═════ DATA EXCERPT ═════
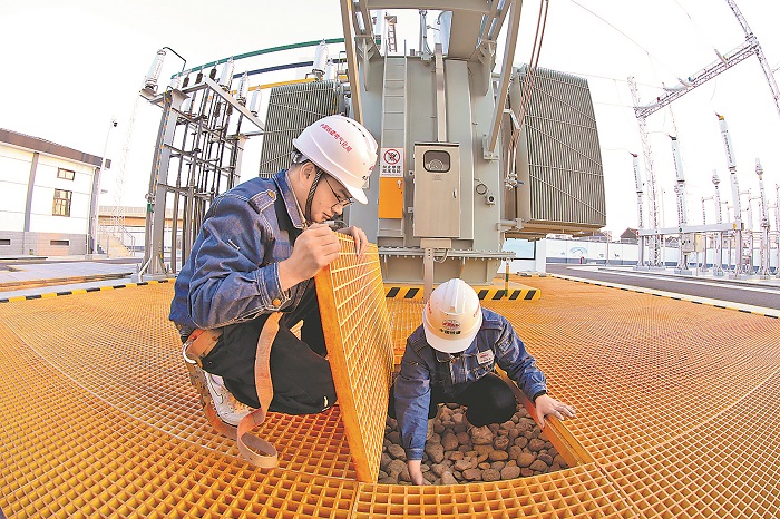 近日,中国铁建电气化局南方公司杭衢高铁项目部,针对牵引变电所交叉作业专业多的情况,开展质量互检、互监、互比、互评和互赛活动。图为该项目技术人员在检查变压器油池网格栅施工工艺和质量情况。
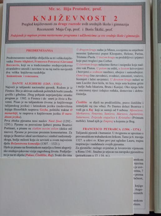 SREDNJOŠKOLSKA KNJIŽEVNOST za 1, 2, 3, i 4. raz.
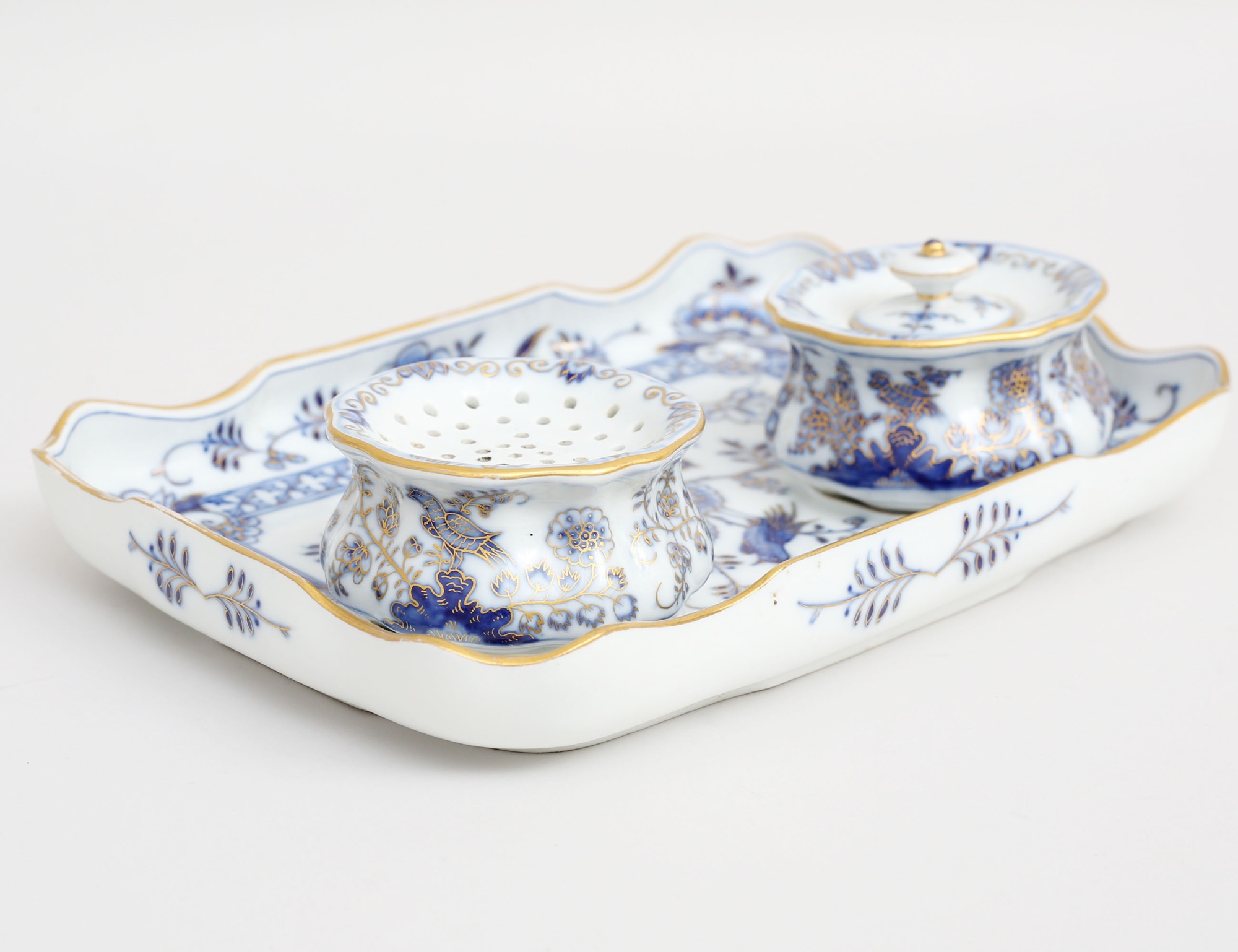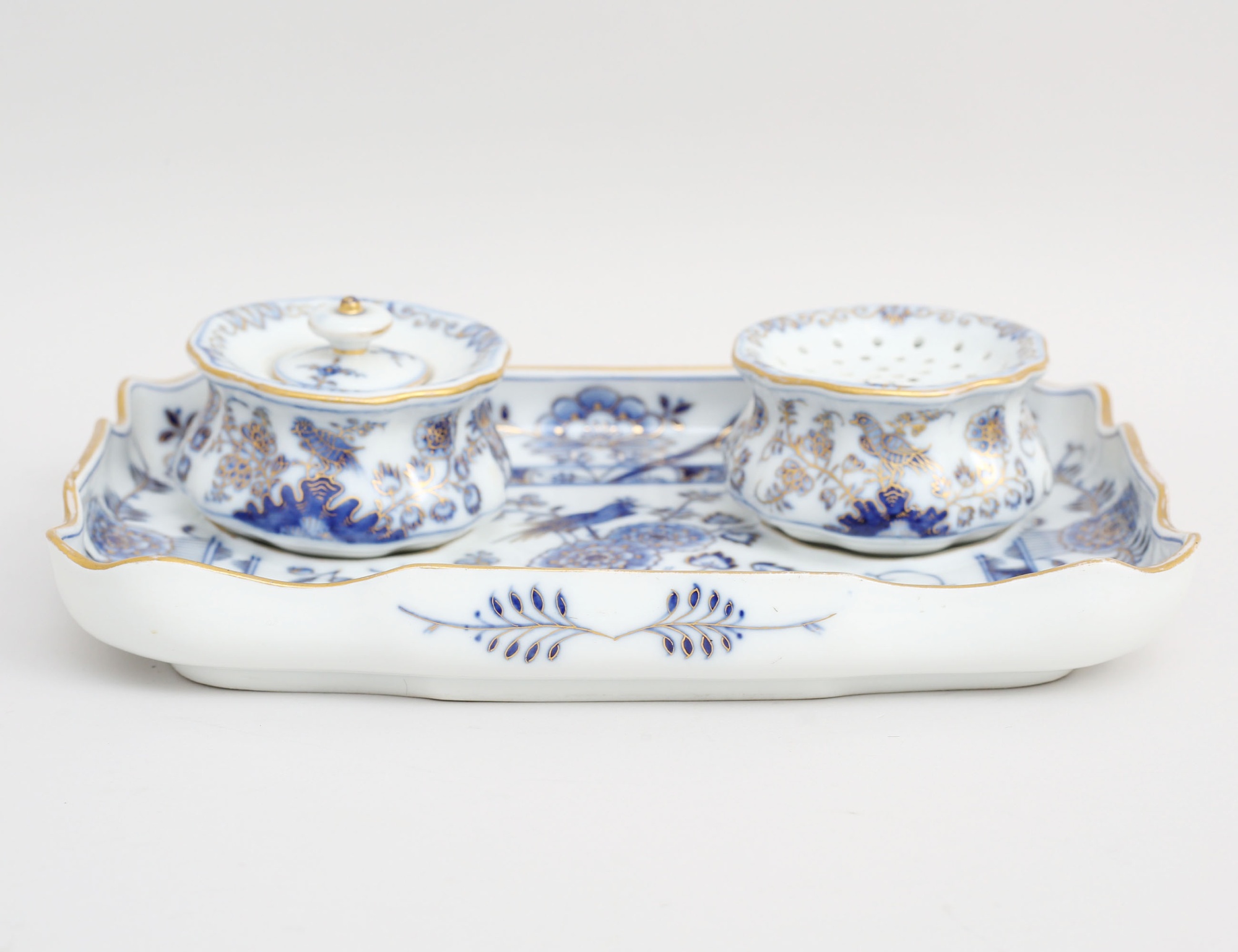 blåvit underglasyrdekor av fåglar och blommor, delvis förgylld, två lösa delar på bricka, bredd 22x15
═════
When repeating the material above, keep every line exact and drop all pictures.

▶ _EXERCISE ANSWER_
 近日,中国铁建电气化局南方公司杭衢高铁项目部,针对牵引变电所交叉作业专业多的情况,开展质量互检、互监、互比、互评和互赛活动。图为该项目技术人员在检查变压器油池网格栅施工工艺和质量情况。
 SREDNJOŠKOLSKA KNJIŽEVNOST za 1, 2, 3, i 4. raz.
 blåvit underglasyrdekor av fåglar och blommor, delvis förgylld, två lösa delar på bricka, bredd 22x15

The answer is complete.